## Requirement
Scan the records below for the line with "旧阿波村の蓋で村章と村の花コ" and the line with "This men’s quarter-zip". Repeat those two lines and every line between them exactly, and nothing else.

## Records shown
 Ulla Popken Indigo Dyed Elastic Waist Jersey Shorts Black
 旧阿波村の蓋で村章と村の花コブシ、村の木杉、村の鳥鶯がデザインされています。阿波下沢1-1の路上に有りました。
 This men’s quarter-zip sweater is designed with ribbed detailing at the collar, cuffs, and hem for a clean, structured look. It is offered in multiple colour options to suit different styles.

---

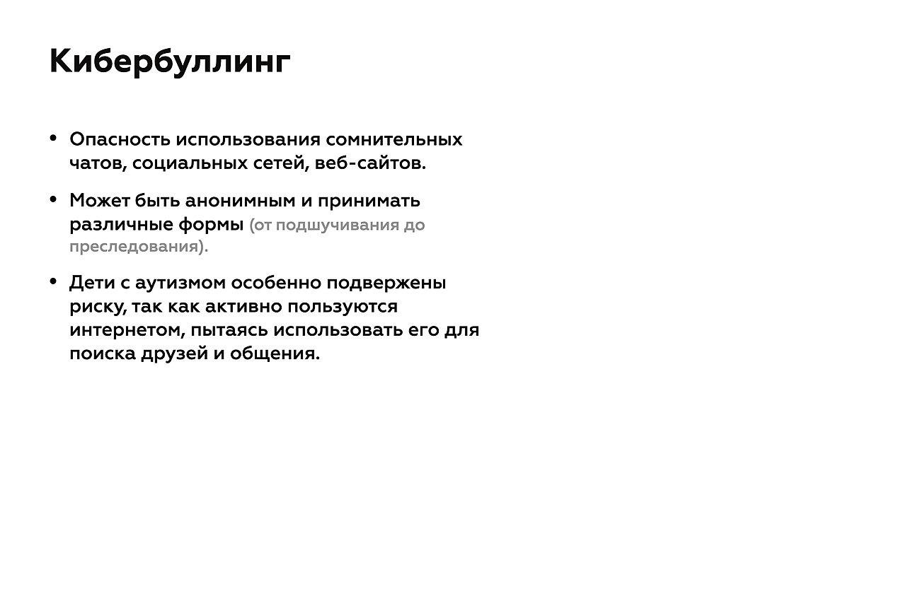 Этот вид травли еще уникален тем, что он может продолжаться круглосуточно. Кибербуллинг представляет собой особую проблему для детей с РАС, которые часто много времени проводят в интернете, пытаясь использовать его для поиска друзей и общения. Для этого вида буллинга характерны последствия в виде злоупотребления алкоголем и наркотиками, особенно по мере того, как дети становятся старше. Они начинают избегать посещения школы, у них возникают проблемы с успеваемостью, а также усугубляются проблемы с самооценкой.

## The completed task
 旧阿波村の蓋で村章と村の花コブシ、村の木杉、村の鳥鶯がデザインされています。阿波下沢1-1の路上に有りました。
 This men’s quarter-zip sweater is designed with ribbed detailing at the collar, cuffs, and hem for a clean, structured look. It is offered in multiple colour options to suit different styles.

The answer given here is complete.